Иногда из Лондона нам звонили Анна и Марта и сообщали о том, что Зигмунд перенес еще несколько операций на ротовой полости, но сейчас выздоравливает, хотя больше не может говорить. Из-за рака был также поврежден слуховой нерв, поэтому с ними он объясняется с помощью письма. Я вспомнила то время, когда мы были детьми и брат учил меня писать.

Марта и Анна рассказывали, что живут в красивом доме в тихом пригороде Лондона, и постоянно нас уверяли, что друзья Зигмунда делают все возможное, чтобы мы, его сестры, получили визу на выезд из Австрии, а затем поселились с ними.

А мы научились жить в страхе; это был страх не перед смертью, но перед издевательствами. Всех евреев заставляли носить на рукаве звезду Давида, чтобы нас легче было контролировать.
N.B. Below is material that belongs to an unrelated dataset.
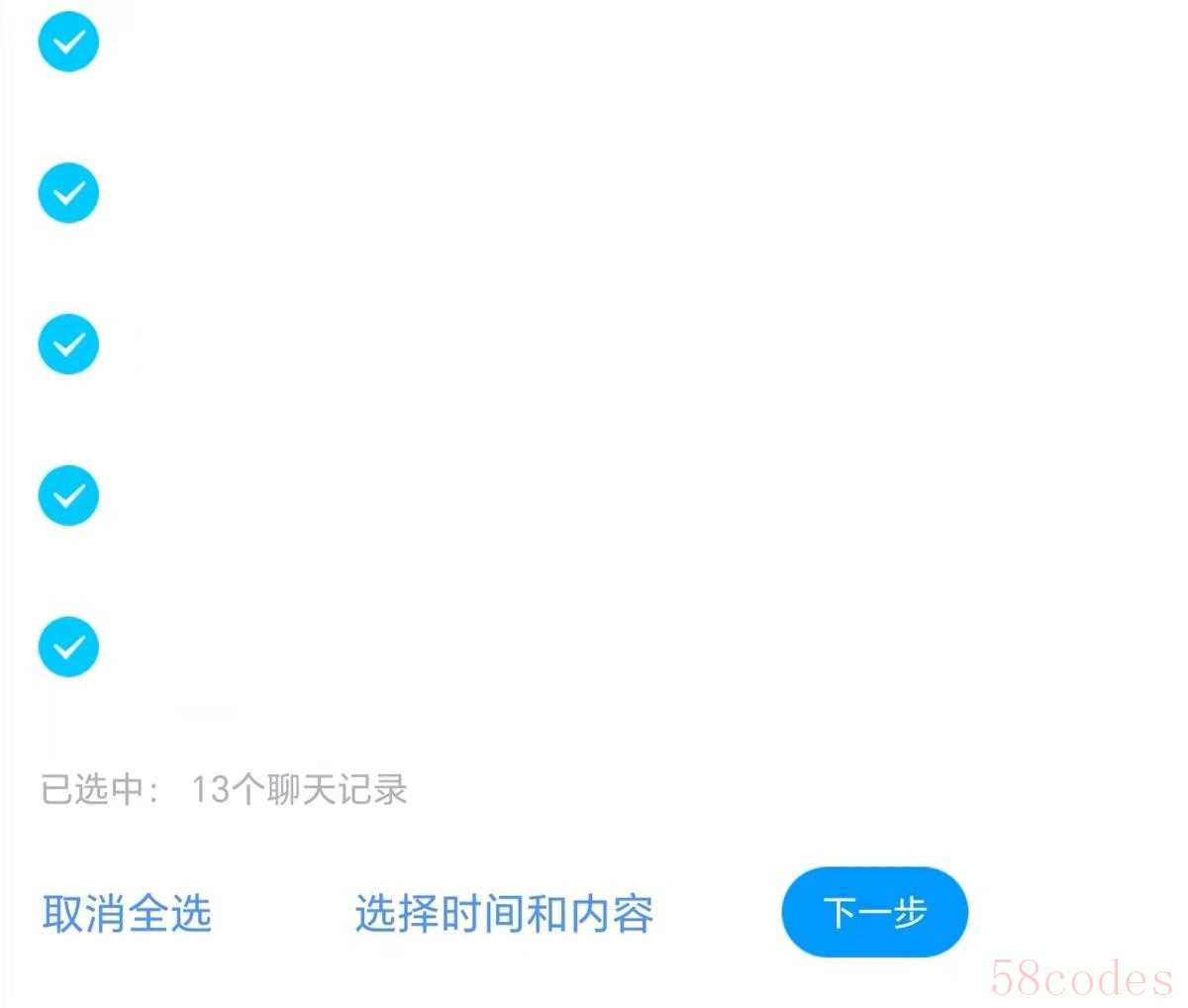 7.在这里,可以根据自己的需要,选择一部分或全选所有的聊天记录;

Мы больше не могли посещать театр, оперу, концерты; не могли ходить в рестораны и парки; не могли пользоваться такси; нам разрешалось ездить на трамвае, но только в последнем вагоне; мы могли выходить из дома, но только строго в определенное время; и мы могли пользоваться всего двумя почтовыми отделениями в городе.

В сентябре нас посетил один из сыновей брата моей приятельницы Клары и сообщил, что она умерла в психиатрической клинике Гнездо, где провела много лет. Он предложил мне пойти с ним на похороны. Мои сестры гостили у нашей соседки, я оставила им за писку.
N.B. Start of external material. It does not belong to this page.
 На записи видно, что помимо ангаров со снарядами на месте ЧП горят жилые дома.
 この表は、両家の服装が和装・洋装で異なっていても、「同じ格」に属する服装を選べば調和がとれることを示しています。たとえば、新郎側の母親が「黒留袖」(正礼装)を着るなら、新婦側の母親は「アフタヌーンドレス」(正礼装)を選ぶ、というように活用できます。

За несколько месяцев до этого новая администрация внесла очередное изменение в жизнь города: издали приказ о запрете хоронить на городском кладбище умерших в специализированных клиниках, теперь это можно было делать только в парках больниц. Так их и закапывали – в парках, в неглубоких ямах, в простыне, заменявшей им гроб.

Я вошла в комнату. Клара лежала неподвижно. Мне сказали, что она умерла во сне. Ее лицо было очень спокойным, на нем не было и следа сна, жизни или смерти. Она лежала, свернувшись калачиком, с поджатыми ногами, головой прижатой к груди, обхватив руками живот. Тело ее уже окоченело. В таком положении мы завернули ее в простыню.
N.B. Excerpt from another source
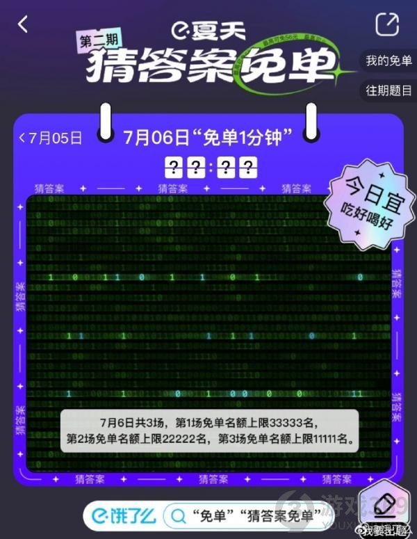 7月6日共3場,總計免單66666單(第一場33333,第二場22222,第三場11111)

– Как зародыш, – сказала я, когда мы выносили ее из палаты, которую она называла маткой.

– Слишком велика для зародыша, но мала для человека, – заметил кто-то из докторов.

И действительно, никто бы и не подумал, что в простыню завернуто человеческое тело.

Шел сильный ливень, и нас, вышедших в парк, едва ли было больше двадцати человек. Остальные замерли у окон больницы и наблюдали через решетки. Мы опустили простыню с телом в приготовленную яму. Люди лопатами засыпали мертвую сырой землей.

Когда вечером я вернулась домой, мои сестры сидели в столовой. Роза посмотрела на меня покрасневшими глазами и сказала:

– Звонила Анна. На прошлой неделе умер Зигмунд.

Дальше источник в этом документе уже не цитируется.